Longhorn will leave the failed backups behind and will not delete the backups automatically either until the backup target is removed. Failed backup cleanup will be occurred when making a backup to remote backup target failed. This LEP will trigger the deletion of failed backups automatically.
### Related Issues
[[IMPROVEMENT] Support failed/obsolete orphaned backup cleanup](https://github.com/longhorn/longhorn/issues/3898)
- Support the global auto-deletion option of failed backups cleanup for users.

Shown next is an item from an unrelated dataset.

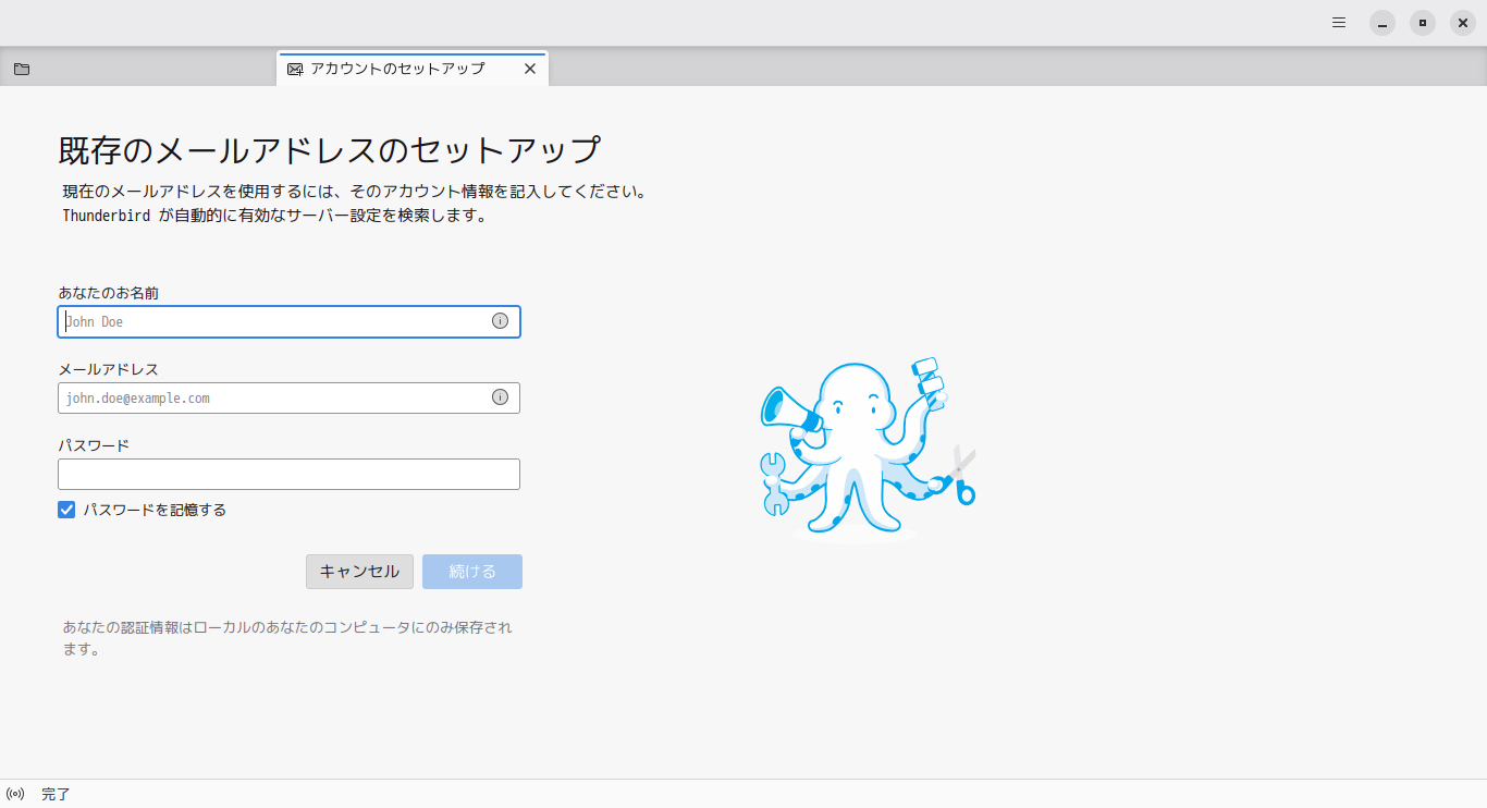 1. 概要 デフォルトでは、メールクライアントは、インストールされていません。 「Thunderbird」をインストールして、使用します。 「メールアアドレスのセットアップ」他、操作については、「メール クライアント ソフト - Thunderbird」をご参照ください。 2. インストール 「root」ユーザ権限で。 yes | pacman -S thunderbird-i18n-ja 3. 起動 「スタート」→「インターネット」→「Thunderbird」

- The process should not be stuck in the reconciliation of the controllers.
### Non-goals [optional]
- Clean up unknown files or directories on the remote backup target.
## Proposal
1. The `backup_volume_controller` will be responsible for deleting Backup CR when there is a backup which state is in `Error` or `Unknown`.
The reconciliation procedure of the `backup_volume_controller` gets the latest failed backups from the datastore and delete the failed backups.
```text
queue ┌───────────────┐
┌┐ ┌┐ ┌┐ │ │
... ││ ││ ││ ──────► │ syncHandler() |
└┘ └┘ └┘ │ │
└───────┬───────┘
│
┌──────────▼───────────┐
│ │
│ reconcile() |
│ │
└──────────┬───────────┘
│
┌──────────▼───────────┐
│ │
│ get failed backups │
│ |
| then delete them │
│ │
└──────────────────────┘
```
### User Stories
When a user or recurring job tries to make a backup and store it in the remote backup target, many situations will cause the backup procedure failed. In some cases, there will be some failed backups still staying in the Longhorn system and this kind of backups are not handled by the Longhorn system until user removes the backup target. Or users can manage the failed backups via Longhorn GUI or command line tools manually.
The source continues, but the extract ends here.